- Records excerpted from a collection
——————————
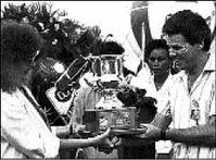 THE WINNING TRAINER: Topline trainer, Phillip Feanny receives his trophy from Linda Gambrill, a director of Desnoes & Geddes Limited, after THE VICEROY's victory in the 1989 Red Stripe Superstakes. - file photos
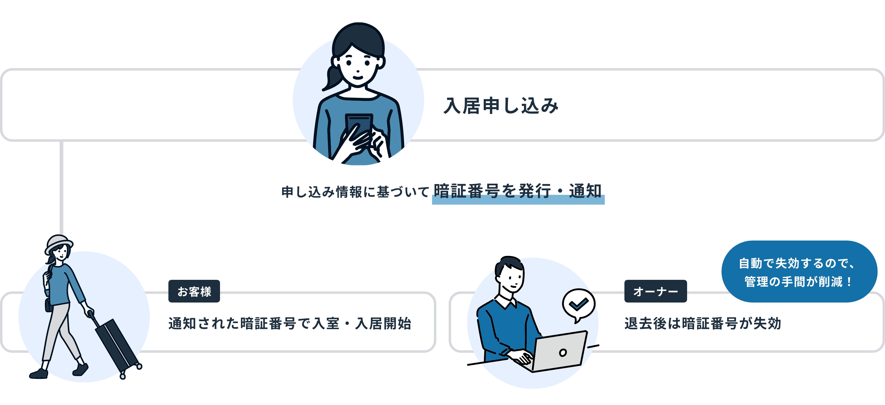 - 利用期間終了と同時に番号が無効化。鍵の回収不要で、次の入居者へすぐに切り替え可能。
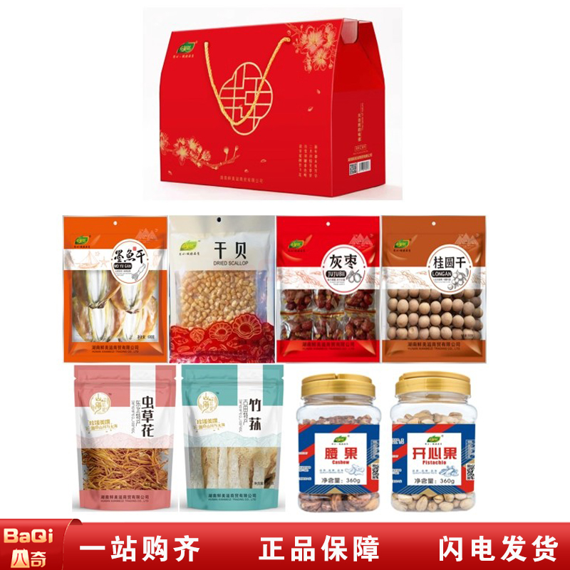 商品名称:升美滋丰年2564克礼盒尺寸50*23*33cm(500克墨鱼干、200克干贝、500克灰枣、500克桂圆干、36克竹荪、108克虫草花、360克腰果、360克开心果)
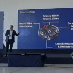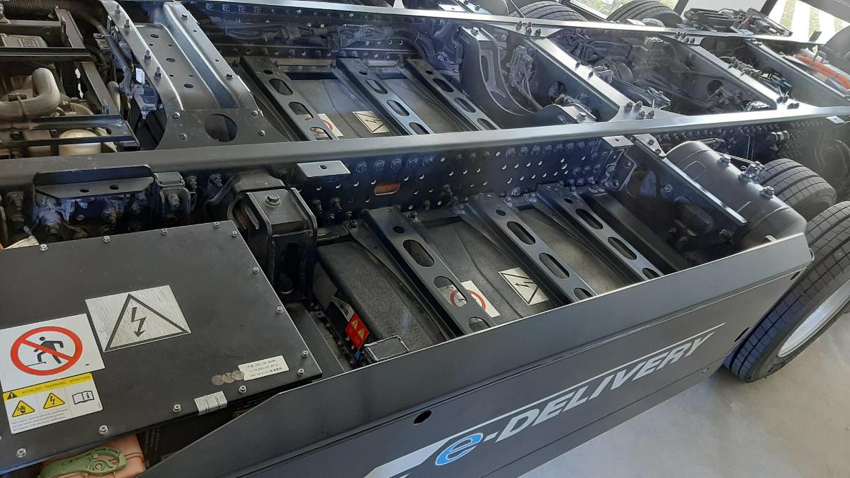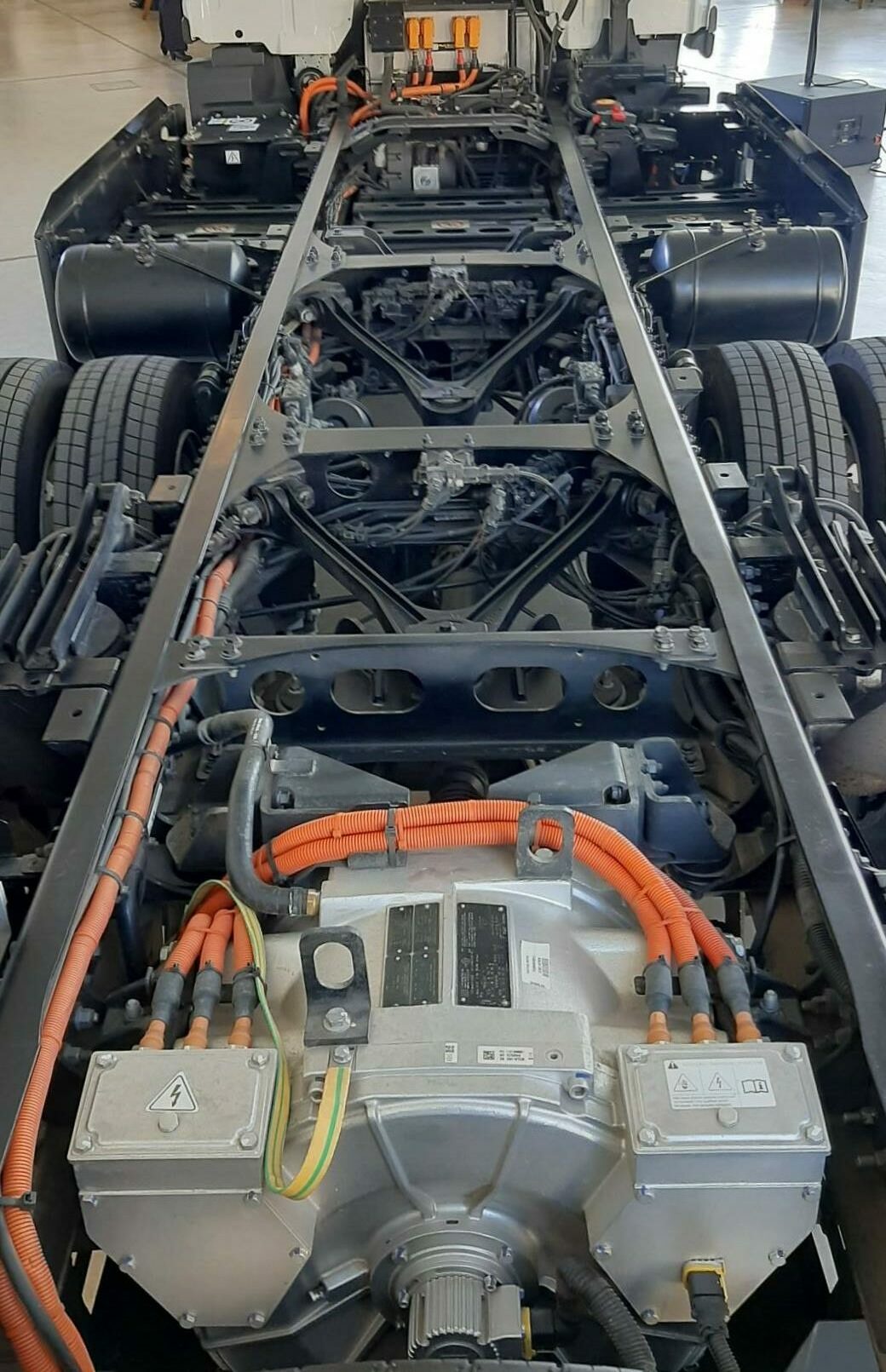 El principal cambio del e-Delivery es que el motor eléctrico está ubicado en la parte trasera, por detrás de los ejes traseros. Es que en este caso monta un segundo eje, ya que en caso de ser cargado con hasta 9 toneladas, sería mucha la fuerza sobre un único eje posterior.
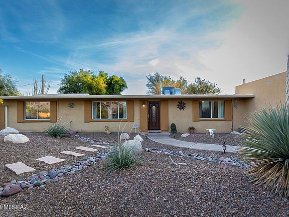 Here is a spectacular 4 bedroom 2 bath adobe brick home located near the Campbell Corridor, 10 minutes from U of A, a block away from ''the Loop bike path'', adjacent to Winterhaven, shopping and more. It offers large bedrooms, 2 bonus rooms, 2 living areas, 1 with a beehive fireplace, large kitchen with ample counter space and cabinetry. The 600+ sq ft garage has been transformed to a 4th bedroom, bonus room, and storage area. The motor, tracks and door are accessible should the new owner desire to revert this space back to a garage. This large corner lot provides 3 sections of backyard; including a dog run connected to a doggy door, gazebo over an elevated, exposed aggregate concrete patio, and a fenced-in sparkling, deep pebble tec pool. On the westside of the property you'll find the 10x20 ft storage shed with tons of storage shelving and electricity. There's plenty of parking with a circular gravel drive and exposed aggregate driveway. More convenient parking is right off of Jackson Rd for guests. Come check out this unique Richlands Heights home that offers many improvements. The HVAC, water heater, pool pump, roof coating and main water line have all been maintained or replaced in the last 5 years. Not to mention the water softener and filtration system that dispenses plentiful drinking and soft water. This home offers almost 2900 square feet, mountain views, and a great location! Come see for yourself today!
——————————
- Your objective
Every line of the data above is to be set down word for word, with the pictures left out.

- Your solution
 THE WINNING TRAINER: Topline trainer, Phillip Feanny receives his trophy from Linda Gambrill, a director of Desnoes & Geddes Limited, after THE VICEROY's victory in the 1989 Red Stripe Superstakes. - file photos
 - 利用期間終了と同時に番号が無効化。鍵の回収不要で、次の入居者へすぐに切り替え可能。
 商品名称:升美滋丰年2564克礼盒尺寸50*23*33cm(500克墨鱼干、200克干贝、500克灰枣、500克桂圆干、36克竹荪、108克虫草花、360克腰果、360克开心果)
 El principal cambio del e-Delivery es que el motor eléctrico está ubicado en la parte trasera, por detrás de los ejes traseros. Es que en este caso monta un segundo eje, ya que en caso de ser cargado con hasta 9 toneladas, sería mucha la fuerza sobre un único eje posterior.
 Here is a spectacular 4 bedroom 2 bath adobe brick home located near the Campbell Corridor, 10 minutes from U of A, a block away from ''the Loop bike path'', adjacent to Winterhaven, shopping and more. It offers large bedrooms, 2 bonus rooms, 2 living areas, 1 with a beehive fireplace, large kitchen with ample counter space and cabinetry. The 600+ sq ft garage has been transformed to a 4th bedroom, bonus room, and storage area. The motor, tracks and door are accessible should the new owner desire to revert this space back to a garage. This large corner lot provides 3 sections of backyard; including a dog run connected to a doggy door, gazebo over an elevated, exposed aggregate concrete patio, and a fenced-in sparkling, deep pebble tec pool. On the westside of the property you'll find the 10x20 ft storage shed with tons of storage shelving and electricity. There's plenty of parking with a circular gravel drive and exposed aggregate driveway. More convenient parking is right off of Jackson Rd for guests. Come check out this unique Richlands Heights home that offers many improvements. The HVAC, water heater, pool pump, roof coating and main water line have all been maintained or replaced in the last 5 years. Not to mention the water softener and filtration system that dispenses plentiful drinking and soft water. This home offers almost 2900 square feet, mountain views, and a great location! Come see for yourself today!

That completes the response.